By Alissa Owen
A proposed bill known as the “Trademark Dilution Improvement Act” responds to confusion over the former Trademark Dilution statute, known as The Federal Trademark Dilution Act (FTDA). The FTDA of 1996 provided owners of “famous” marks special protection against third-party non-competitive uses of their marks, because such third-party use, even for different goods or services, might result in a whittling away, or “dilution” of their companies’ well-known marks. In other words, trademark dilution addresses the injury where there has been a “gradual whittling away or dispersion of the identity and hold upon the public mind of the mark or name by its use on non-competing goods.” (1) As an example, KODAK, an arguably famous mark, is diluted by companies who use “KODAK” for KODAK pianos or KODAK spas.
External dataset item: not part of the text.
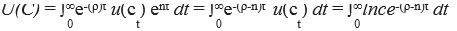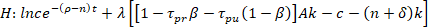 (2)donde ρ es una constante que representa la tasa de descuento, n es la tasa de crecimiento de la población, u es la utilidad, ct es el consumo per cápita. Se asume que la función de utilidad es logarítmica para asegurar que sea cóncava y, por tanto, las trayectorias encontradas en la solución del hamiltoniano garanticen la máxima utilidad.
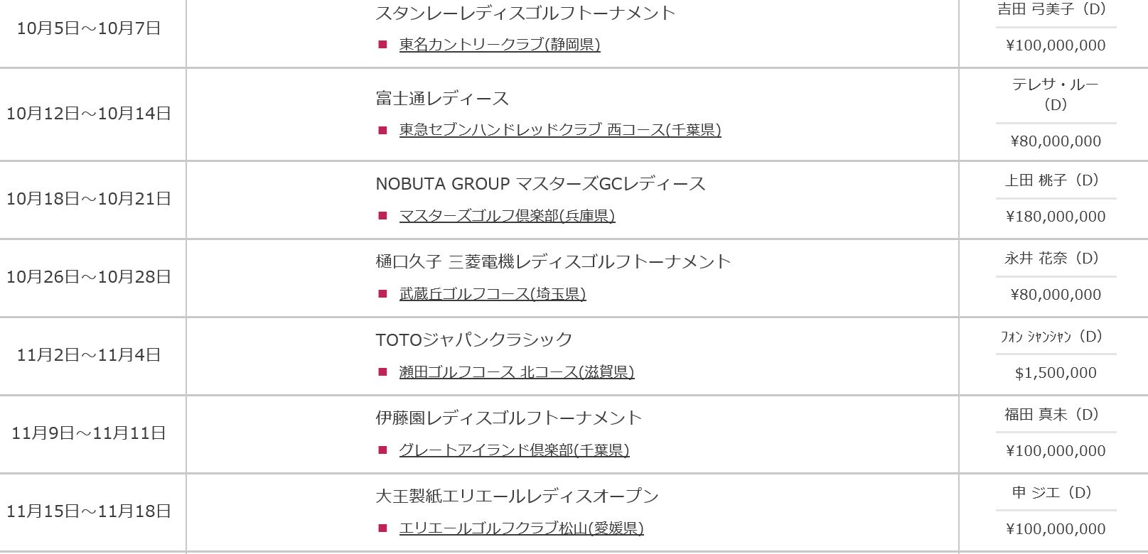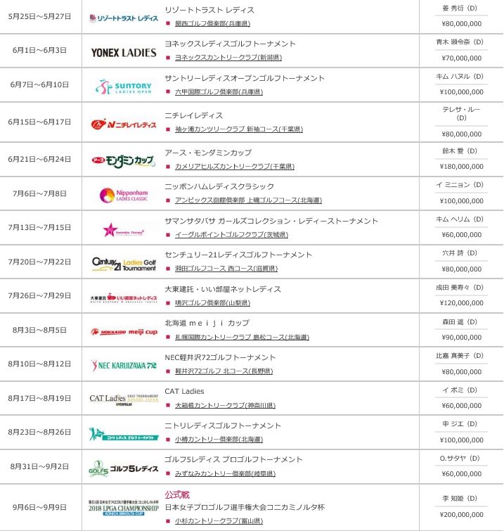 にしても、たくさんスポンサーがついて、女子プロツアーは活気がありますね。スケジュールを見ても・・・

However, since the FTDA’s inception, Circuit Courts’ treatment of trademark dilution claims conflict, and there is no uniform agreement as to how the injury of dilution should be measured. In a decision attempting to overcome the disparate treatment of lower courts of trademark dilution claims, the Supreme Court held “actual dilution” must be proved in order to win on a dilution claim. However, actual dilution requires showing that measurable dilutive harm occurred, or that the mark was measurably impaired. (2) However, such a standard does not comport with Congress’ intent, which was to prevent dilution from initial third-party use, before measurable damage to the mark occurs. (3) In fact, by the time measurable, provable damage to a mark occurs, much time has passed, the damage has been done, and the remedy, which is injunctive relief, is far less effective. (4)
The proposed bill, H.R. 683, the “Trademark Dilution Improvement Act of 2005,” recently approved by the House Judiciary Committee, provides important and necessary improvements to the Federal trademark dilution statute to increase certainty for all parties involved in trademark disputes. This new legislation provides a more provable cause of action to famous marks owners while protecting free speech. Specifically, H.R. 683 does away with the requirement that a person use a famous mark as a “designation of source” before this use is deemed a “diluting” use. The new proposed law also strengthens the fair use exemption for famous marks used in parody or commentary.
In conclusion, not only may owners of famous marks soon have greater assurance that those using their marks, even for non-competitive goods or services, may not fare as well in court, but also attorneys representing famous-mark owners may more effectively understand how to protect perhaps one of their client’s greatest assets: their client’s name.